Purpose: To determine the feasibility and a recommended phase II dose of tirapazamine when combined with chemoradiotherapy in limited-stage small cell lung cancer (LSCLC). Experimental Design: Concurrent chemoradiotherapy consisted of two cycles of cisplatin, etoposide, and once-daily radiation to 61 Gy. Tirapazamine (260 mg/m2) was given 1 h before cisplatin with planned dose escalation to 330 mg/m2 in the absence of dose-limiting toxicity, defined as ≥33% esophagitis (grade 3 or above).

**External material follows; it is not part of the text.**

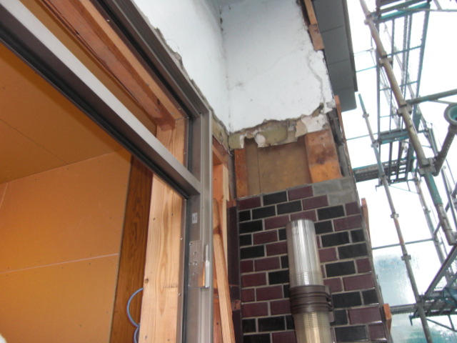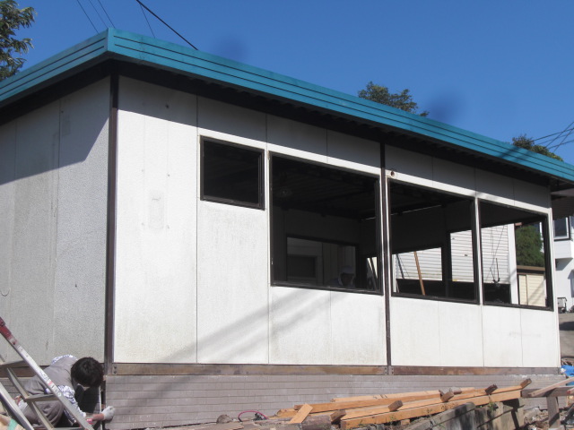 外壁のトタンを解体してから、サッシ枠を交換して2階から改造していきます。

Consolidation therapy consisted of two cycles of tirapazamine (330 mg/m2), cisplatin, and etoposide. Complete responders received prophylactic cranial irradiation. Results: Thirty patients were enrolled at the 260 mg/m2 tirapazamine dose. All had performance status of 0-1. By comparison with S9713, a predecessor Southwest Oncology Group study in LSCLC that used the same concurrent chemoradiotherapy without tirapazamine, the present trial showed a higher rate of grade 3-4 esophagitis (34% versus 22%), vomiting (34% versus 23%), and febrile neutropenia (7% versus 2%). The consolidation phase was relatively well tolerated, with grade 4 neutropenia in 44% and febrile neutropenia in 5% or patients. There were two treatment-related deaths: one from neutropenic fever and one from respiratory infection. The overall response rate was 80%, and the median survival was 22 months. Conclusions: Protocol-defined dose-limiting toxicity was observed at the initial tirapazamine dose, precluding dose escalation. Compared with S9713, the addition of tirapazamine increased the incidence of vomiting, neutropenia, and febrile neutropenia, although the overall toxicity profile remained acceptable. In view of the observed favorable survival, further study of tirapazamine in LSCLC is warranted.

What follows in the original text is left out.